> Action item: Among the entries below, take the line with "在收到供暖公司的紧急停止供暖" and the line with "PIĘKNY RÓŻANIEC KOMUNIJNY", and output them and every line between them exactly, with nothing else.
(Beginning of Dataset entries)
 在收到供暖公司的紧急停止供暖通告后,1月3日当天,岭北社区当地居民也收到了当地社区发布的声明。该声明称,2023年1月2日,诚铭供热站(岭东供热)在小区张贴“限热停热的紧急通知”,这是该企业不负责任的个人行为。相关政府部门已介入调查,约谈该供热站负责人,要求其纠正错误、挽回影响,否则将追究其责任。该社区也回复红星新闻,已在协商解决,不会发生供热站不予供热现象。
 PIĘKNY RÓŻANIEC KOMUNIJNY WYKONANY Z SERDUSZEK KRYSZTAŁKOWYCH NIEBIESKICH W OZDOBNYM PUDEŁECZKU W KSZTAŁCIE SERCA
(End of Dataset entries)
(Beginning of Dataset entries)
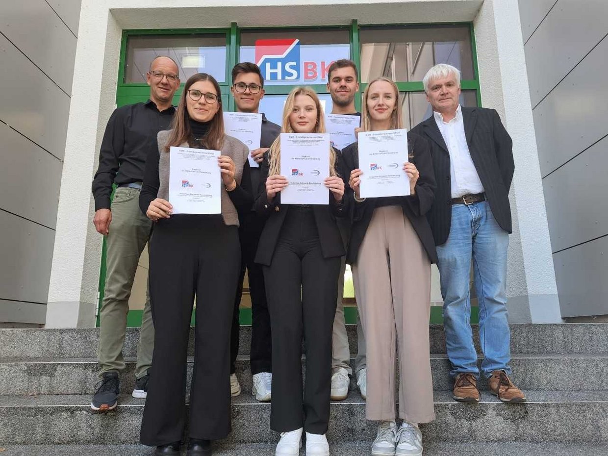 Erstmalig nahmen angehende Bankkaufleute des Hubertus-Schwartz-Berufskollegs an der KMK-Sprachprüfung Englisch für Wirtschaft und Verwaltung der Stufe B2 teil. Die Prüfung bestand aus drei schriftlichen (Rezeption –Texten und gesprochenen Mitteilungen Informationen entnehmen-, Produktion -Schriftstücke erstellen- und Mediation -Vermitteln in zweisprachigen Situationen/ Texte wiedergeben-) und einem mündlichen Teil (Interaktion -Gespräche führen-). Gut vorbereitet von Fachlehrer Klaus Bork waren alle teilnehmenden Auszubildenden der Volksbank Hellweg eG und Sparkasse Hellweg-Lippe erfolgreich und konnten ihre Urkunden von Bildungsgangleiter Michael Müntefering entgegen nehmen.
(End of Dataset entries)
> Task response:
 在收到供暖公司的紧急停止供暖通告后,1月3日当天,岭北社区当地居民也收到了当地社区发布的声明。该声明称,2023年1月2日,诚铭供热站(岭东供热)在小区张贴“限热停热的紧急通知”,这是该企业不负责任的个人行为。相关政府部门已介入调查,约谈该供热站负责人,要求其纠正错误、挽回影响,否则将追究其责任。该社区也回复红星新闻,已在协商解决,不会发生供热站不予供热现象。
 PIĘKNY RÓŻANIEC KOMUNIJNY WYKONANY Z SERDUSZEK KRYSZTAŁKOWYCH NIEBIESKICH W OZDOBNYM PUDEŁECZKU W KSZTAŁCIE SERCA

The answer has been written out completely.